- _REQUIRED WORK_
All pictures are to be omitted while the lines starting at the line with "Notes: The first" and ending at the line with "프라다 프랙스 01 델라베 스웨이드 및 리나일론 스니커즈 에크루 밀리터리" in the material below are retyped exactly, both ends included.

- _THE INPUT_
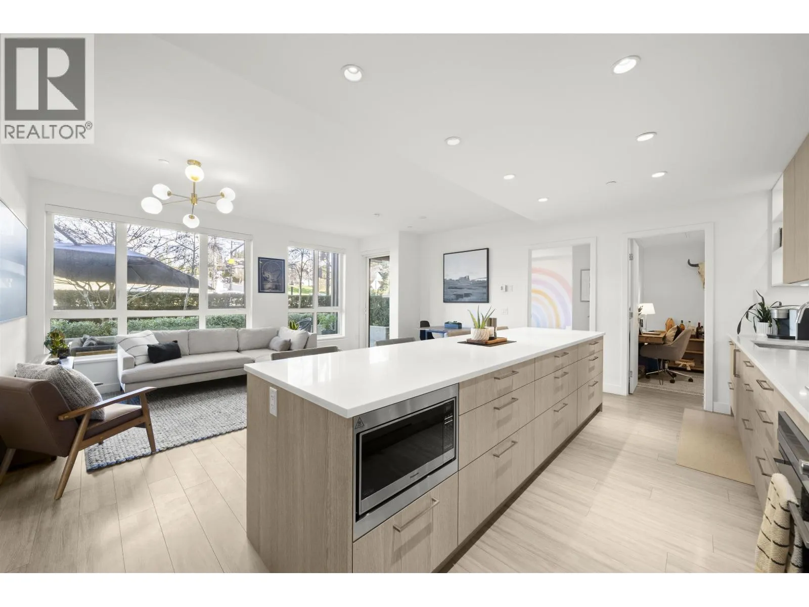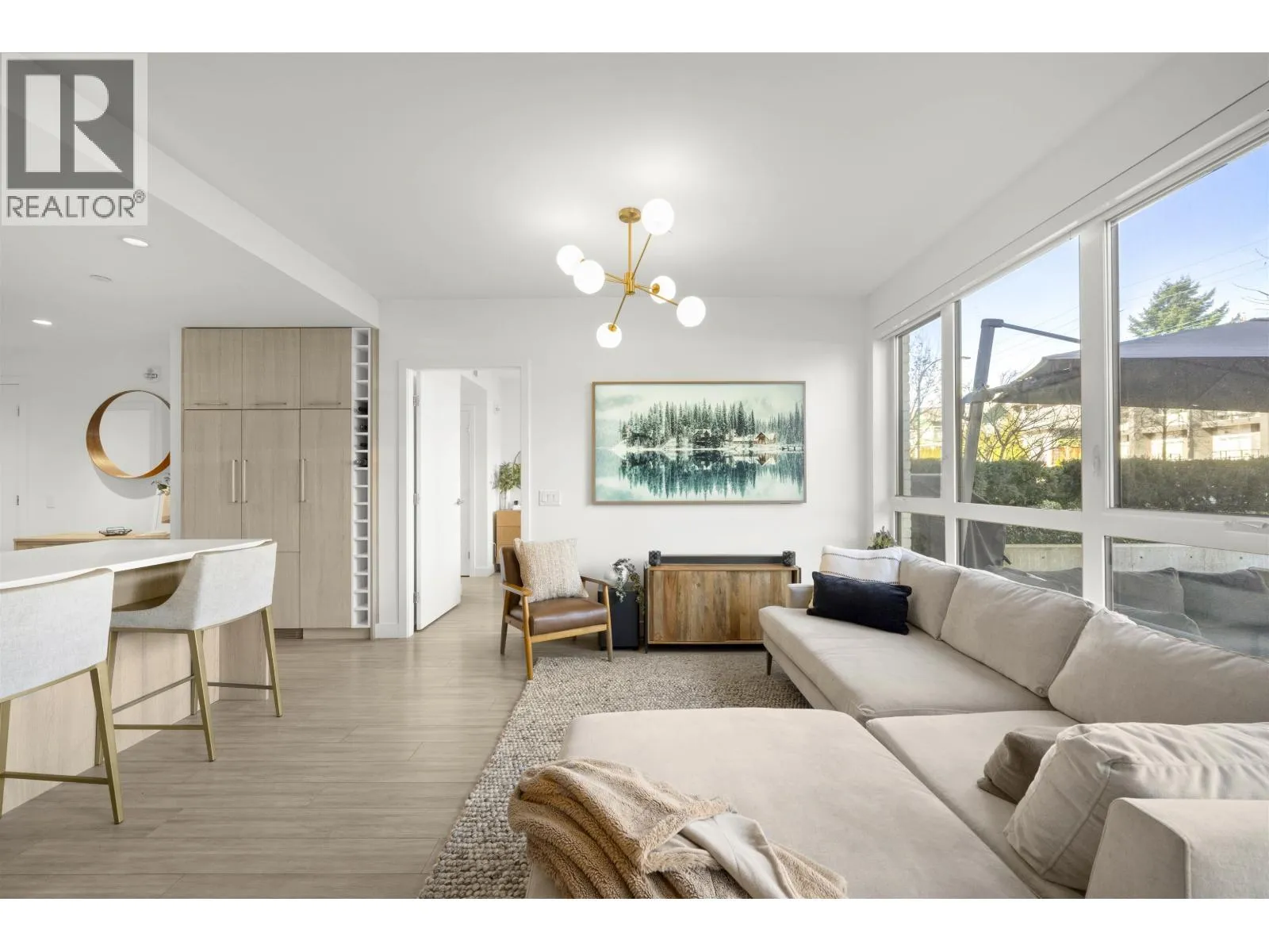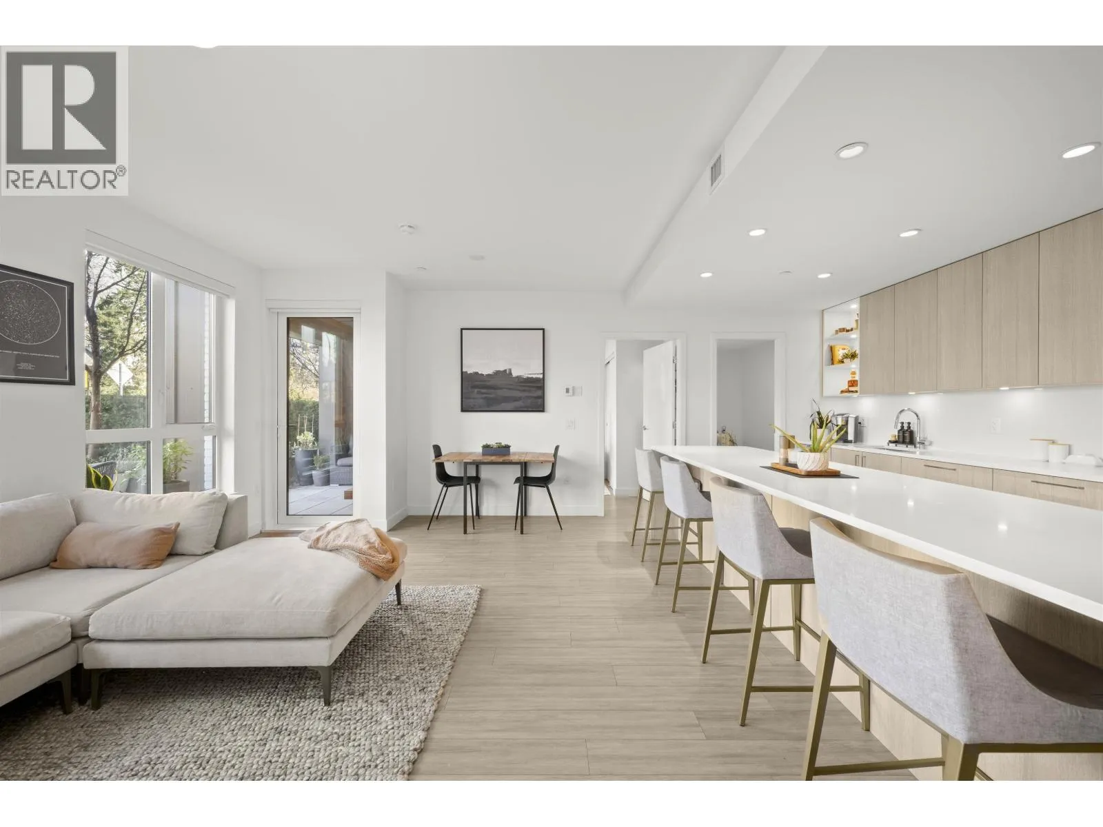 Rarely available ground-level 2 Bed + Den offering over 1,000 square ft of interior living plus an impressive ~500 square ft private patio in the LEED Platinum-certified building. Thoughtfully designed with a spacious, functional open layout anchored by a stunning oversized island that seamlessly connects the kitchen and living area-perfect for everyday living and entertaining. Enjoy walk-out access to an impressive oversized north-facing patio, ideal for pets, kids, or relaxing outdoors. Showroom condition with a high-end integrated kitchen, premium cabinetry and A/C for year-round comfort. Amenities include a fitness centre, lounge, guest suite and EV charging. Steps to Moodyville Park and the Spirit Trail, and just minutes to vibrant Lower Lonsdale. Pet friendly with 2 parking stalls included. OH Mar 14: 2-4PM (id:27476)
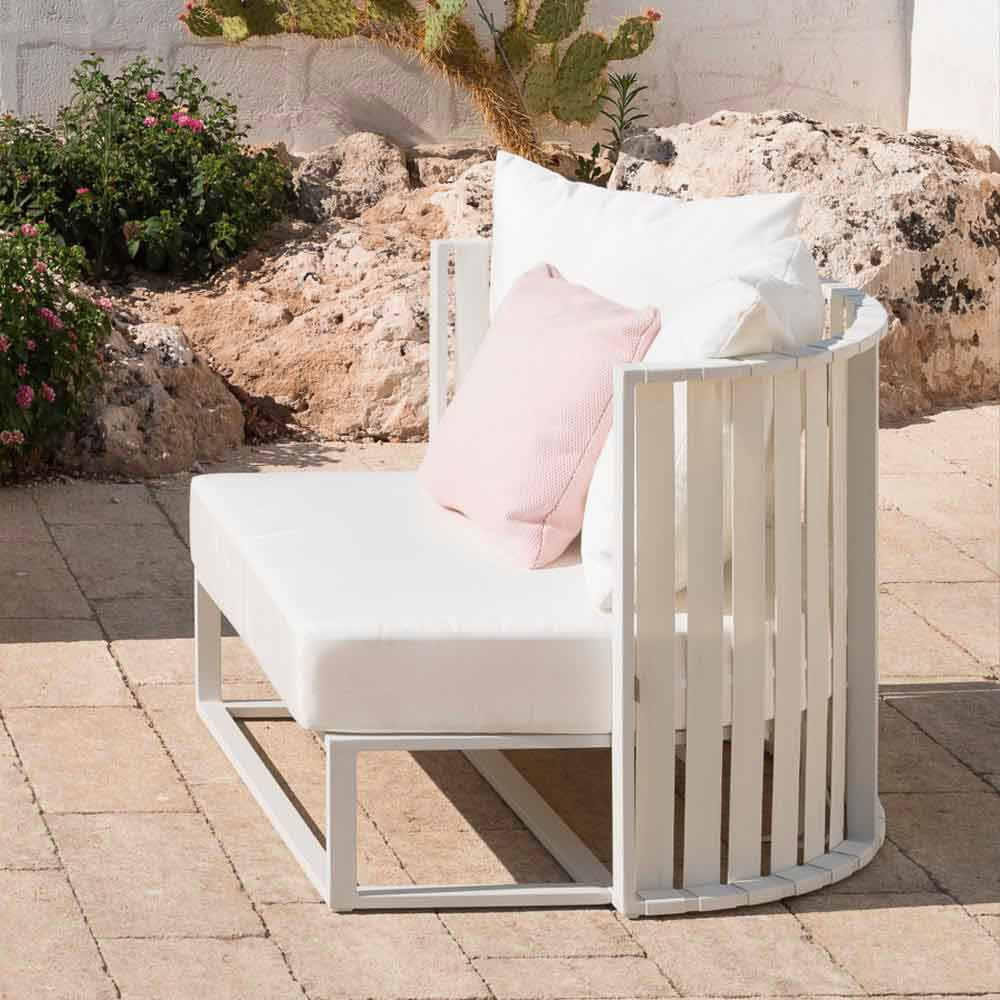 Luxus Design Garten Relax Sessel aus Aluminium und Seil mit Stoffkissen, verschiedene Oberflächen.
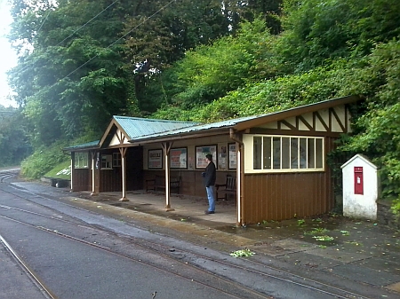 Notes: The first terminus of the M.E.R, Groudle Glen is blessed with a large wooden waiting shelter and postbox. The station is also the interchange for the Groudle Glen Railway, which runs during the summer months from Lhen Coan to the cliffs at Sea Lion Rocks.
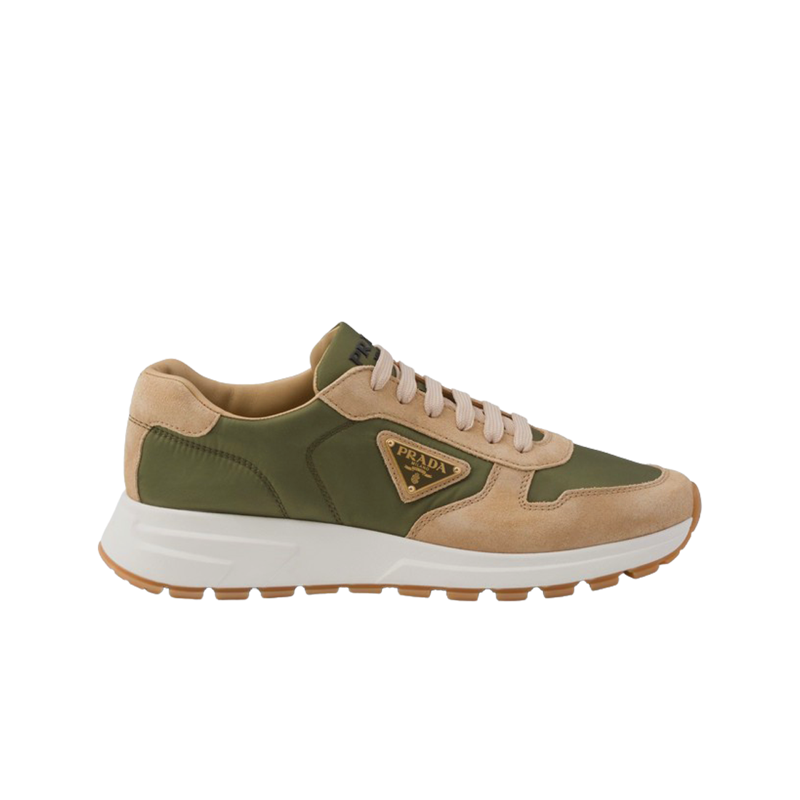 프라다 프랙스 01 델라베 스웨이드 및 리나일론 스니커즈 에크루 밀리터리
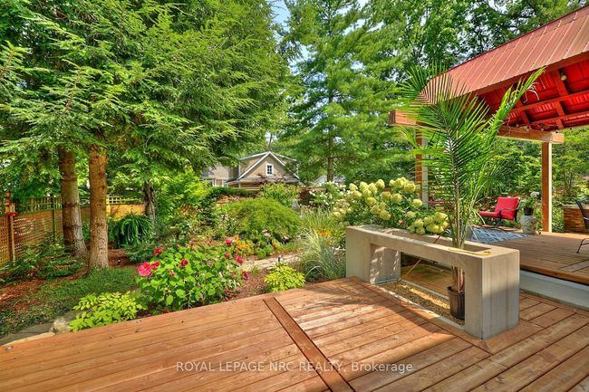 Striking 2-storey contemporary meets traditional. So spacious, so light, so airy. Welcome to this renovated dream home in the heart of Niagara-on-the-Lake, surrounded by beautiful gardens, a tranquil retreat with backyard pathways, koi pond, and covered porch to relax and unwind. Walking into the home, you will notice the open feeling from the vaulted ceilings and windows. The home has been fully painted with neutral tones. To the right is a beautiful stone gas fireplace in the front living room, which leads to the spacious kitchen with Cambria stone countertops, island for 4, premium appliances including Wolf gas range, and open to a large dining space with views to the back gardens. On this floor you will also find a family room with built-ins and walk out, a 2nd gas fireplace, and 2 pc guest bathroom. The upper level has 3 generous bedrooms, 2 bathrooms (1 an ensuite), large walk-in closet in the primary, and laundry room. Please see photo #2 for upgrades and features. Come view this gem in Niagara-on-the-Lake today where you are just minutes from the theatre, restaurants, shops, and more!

- _OUTPUT BELOW_
 Notes: The first terminus of the M.E.R, Groudle Glen is blessed with a large wooden waiting shelter and postbox. The station is also the interchange for the Groudle Glen Railway, which runs during the summer months from Lhen Coan to the cliffs at Sea Lion Rocks.
 프라다 프랙스 01 델라베 스웨이드 및 리나일론 스니커즈 에크루 밀리터리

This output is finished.